The future of the European mink
Can we foresee light in the future of the European mink? Could the status at some time be less endangered? Tiit Maran is pessimistic about the development in general:
– I am afraid there will be a larger catastrophe, when the question of the survival of a single animal species is meaningless. On the other hand, saving even one species helps the biodiversity, and there are many good things happening in the protection of the European mink.
– Hiiumaa can be called a success story for the European mink. Also in Germany there are two reintroduction projects in progress, and the first nature-born cubs have just been found in one of them.
– I am now trying to broaden my thinking. For example our conservation work in Hiiumaa has been fire brigade work. We have to strive further, towards preventive habitat protection and towards changing people´s attitudes more positive towards conservation.
– We intend for instance to restore old, ditched brooks in Hiiumaa. We shall also install traffic signs warning of European minks close to bridges. They communicate effectively of the species and prevent traffic deaths of the minks.
– We aim at returning the European mink also to Saaremaa. We tried it already a couple of years ago, but the minks turned into expensive fox fodder. In the future we can manage it better, so that the minks get to acquaint themselves into the new surroundings and learn to coexist with the foxes too.

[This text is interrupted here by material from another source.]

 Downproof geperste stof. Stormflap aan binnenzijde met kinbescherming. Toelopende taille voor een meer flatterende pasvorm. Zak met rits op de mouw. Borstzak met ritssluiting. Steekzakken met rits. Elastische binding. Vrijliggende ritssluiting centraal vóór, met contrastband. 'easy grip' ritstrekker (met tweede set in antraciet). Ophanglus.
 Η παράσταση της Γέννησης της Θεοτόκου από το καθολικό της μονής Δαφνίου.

Could the European mink be reintroduced into the nature in Finland? – No it cannot, unless the wild American minks can be first removed, and that will not succeed, unless the mink farming is finished, Maran states.
Dating service for European minks
In addition to reintroductions to the nature, the family of the European minks is preserved in zoos. They are raised in 14 European zoos, in which their genetic heritage is protected carefully. This is called ex-situ conservation, which means conservation outside of the natural habitat of the species.

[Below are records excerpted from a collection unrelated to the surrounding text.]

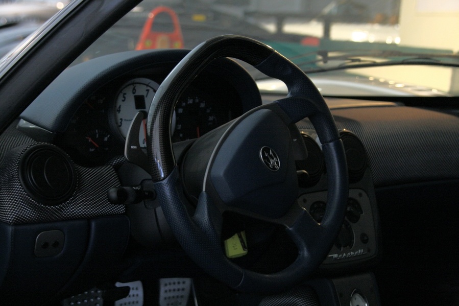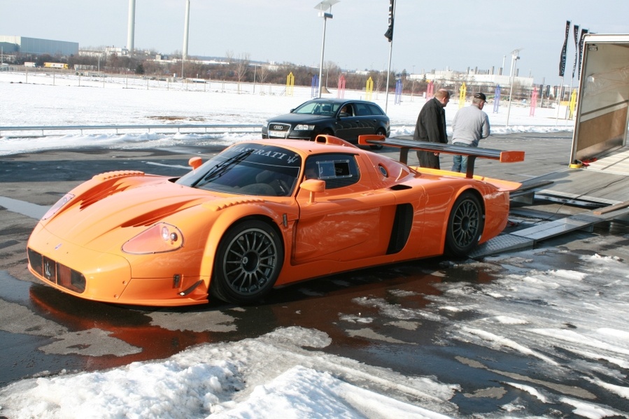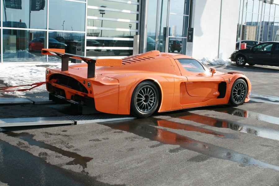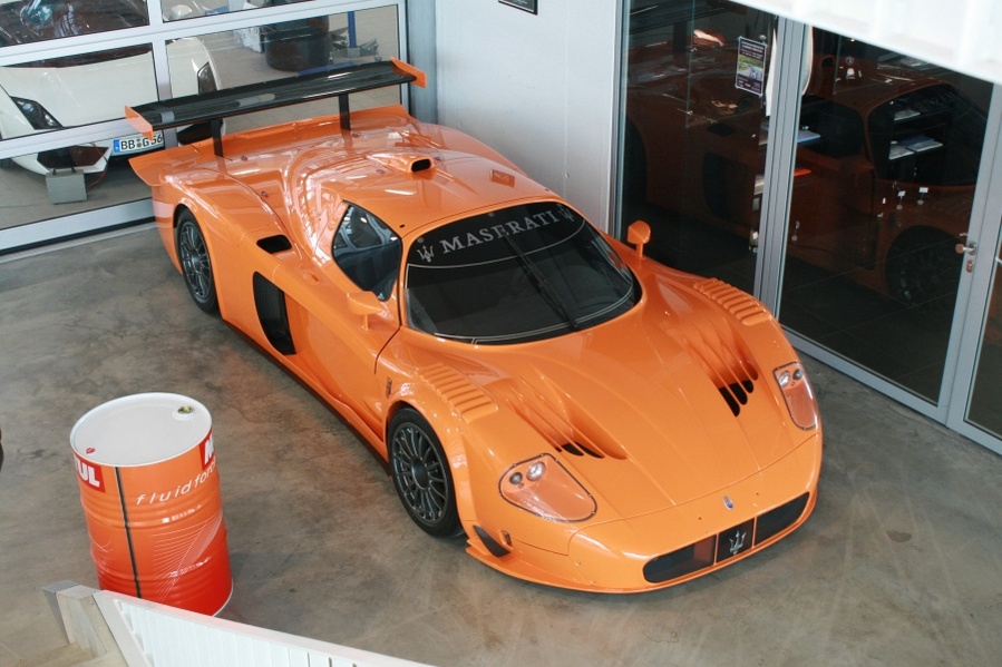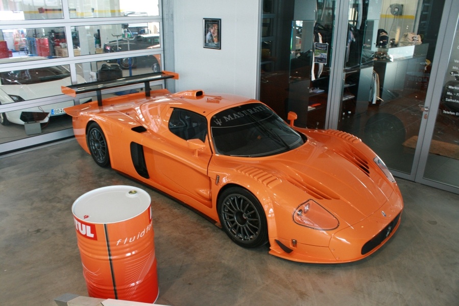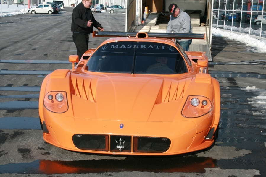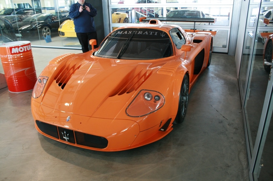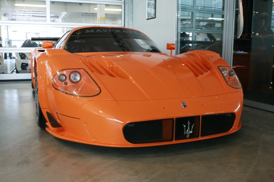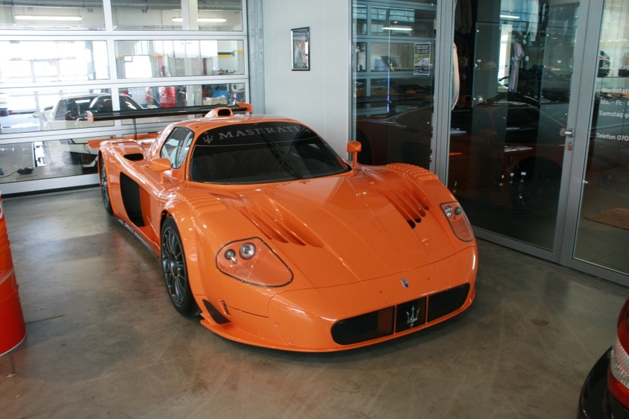 And then Maserati made a small series of 12 individual numbered cars, called the MC12 Corsa, which were for trackday use only. One of those 12 (the very first one to be exact) was transformed to some kind of street legal use by a rich german customer. You can find pics of that black car with german licenseplates from Munich (M-HH982). It was auctioned last year at Oldtimer Grand Prix Nürburgring together with a white/blue street MC12. Will show pictures of both if you like. The orange car also is a MC12 Corsa and ran on german dealer plates for a while, but never was totally transformed for street legality. It was for a while with a customer connected to Edo Competition, but now is for sale with Gohm in south Germany.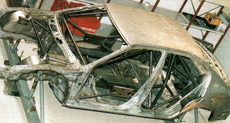 This is a photo of the roll cage construction in the very successful Nissan Primera which was built for the BTCC 1998 season. There are some interesting things to note if one looks carefully: The Primera used MacPherson struts at all four corners in 1998. They have since been forced to revert to a beam axle in the rear for the 1999 season because the Japanese version 4wd suspension clause ran out. Check out the reinforcement of the front strut towers. Although the rules limit the amount of fender mod's allowed (almost nothing in 1998) check out the way they re-fabricated the front inner wheel wells in order to cram those 19" wheels under there. Note that they DO employ a diagonal tube in the main hoop. But no harness bar and no seat brace (the driver sits on the right). Look at the way the cage ties into EVERY rear suspension pickup. Note the tubes running just below the A-Pillars. They go straight from the dash area to above the driver's head - no bends. They also use the standard forward bars tucked into the A-Pillars but they are difficult to see in this picture. The straight tubes feed the loads from the front suspension straight into the back of the cage. Because they are straight, the load path is direct and the tubes do not bend under compression. |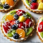 - Decorate with Fruit and Garnish: Arrange the assorted fresh fruits—strawberries, blueberries, kiwi slices, and mandarin orange segments—on top of each frosted cookie in a decorative pattern. Optionally, sprinkle shredded coconut over the fruit for an added tropical touch and texture.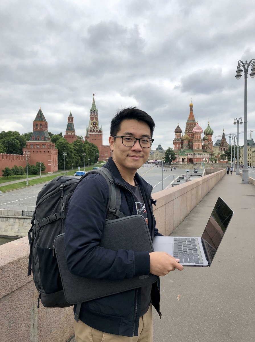 model as digital nomad in Moscow with the Kremlin in the background, with backpack

Tiit Maran keeps score of the genetics of the European minks in different zoos, and he plans, which individuals best suit to reproduce together. Before the reproduction period these mink girls and boys are sent to new homes. So Maran runs an international dating service for European minks.
– Every spring at our mink ranch we have what we call the ”spring madness”. It means monitoring the heat of individuals sent from different zoos and the bringing together of suitable couples when the time comes. Examining the heat situation of say one hundred females every other day is quite a job.